Cricket NSW CEO Andrew Jones (Photo: Cricket NSW)
Expert
8th April, 2014
25
1084 Reads

One of the oldest adages in Australian cricket is that when NSW is strong, Australian cricket is strong. How is this working out right now?

We know Australian cricket is strong. The doldrums of past defeats have given way to a series of vibrant Test wins for the baggy greens. The Ashes have been regained in splendid style and the number 1 Test side in world cricket, South Africa, was defeated in a thrilling series, in South Africa.

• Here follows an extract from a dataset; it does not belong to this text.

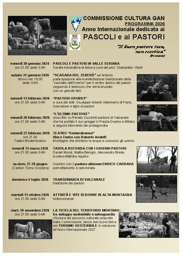 Per il ciclo di incontri dell'Anno Internazionale dedicato ai pascoli e pastori, è in programma l'incontro con dottor Giuseppe Imberti, veterinario di Parre e ricercatore, alla sede della GAN di Nembro.

We won’t talk about the failure at the World T20 tournament. There are justifiable hopes, though, for a strong Australian showing at next year’s World One Day Tournament.

The Australian women national XI has just won the World T20 Women’s Championship in a typically aggressive batting and bowling performance.

To find out whether this formidable record of achievement, by the men and women’s national cricket teams, is matched and, in fact, ballasted by cricketers from NSW, I went down to the SCG precinct recently to chat to the relatively-new CEO of Cricket New South Wales, Andrew Jones.

Any time I go into the SCG precinct I get the same sort of feeling that overcomes other, more pious people when they are at, say, Chartres Cathedral. For me, the SCG is one of Australia’s sacred sites.

The memory of the great players who have graced the ground is very strong. It is something that you can breathe in and for a moment or so, vivid pictures of the elegant, lofty driving of the immortal Victor Trumper, the plundering Don Bradman, the lethal run-ups and intense deliveries of Ray Lindwall or Alan Davidson, and the open-shirted, sporty bowling and batting of the great Richie Benaud, take over your mind’s eye.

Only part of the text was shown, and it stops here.